Tested TurboQuant KV cache compression on top of APEX MoE weight quantization for Qwen3.5-35B-A3B at 8K context
+14% prompt processing speedup across all APEX tiers (I-Quality: 1,752 to 2,003 t/s, I-Compact: 1,714 to 1,959 t/s, Mini: 1,696 to 1,938 t/s)
Zero quality loss from TurboQuant KV on top of APEX weights, 4.6x KV cache compression
APEX Mini (12.2 GB) + TurboQuant = 35B MoE at 8K context on a 16GB consumer GPU
First external validation of TurboQuant KV compression as a complementary layer on top of advanced weight quantization for MoE models

8. Open Questions

Does the turbo2+BV advantage generalize to other MoE architectures? Only tested on Qwen3.5 (GDN+attention hybrid, 16 KV layers out of 64). Models with different attention-to-expert ratios may behave differently.

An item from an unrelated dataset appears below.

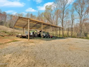 In addition to the main barn, the $450,000 property in La Follette, TN features a 40×60 open-air pole barn, ideal for storing tractors, trailers, hay, or farm equipment. There is also an insulated storage shed equipped with portable heating and air conditioning, which is currently being used as a dog kennel and tack storage area. This structure will remain with the property, making it perfect for animal lovers who want dedicated space for pets or equipment.

What is the mechanism for the 32K decode advantage? The hypothesis (smaller blocks = less bandwidth per non-skipped V position under Sparse V) is plausible but not directly proven. Could also be a Metal caching effect.
Does NIAH retrieval hold? PPL is strong but retrieval accuracy is a distinct quality signal. Needs NIAH script update for asymmetric configs.
Where is the short-vs-long context crossover? turbo2+BV is slower at short context but faster at 32K. The crossover point (likely 8K–16K) was not measured.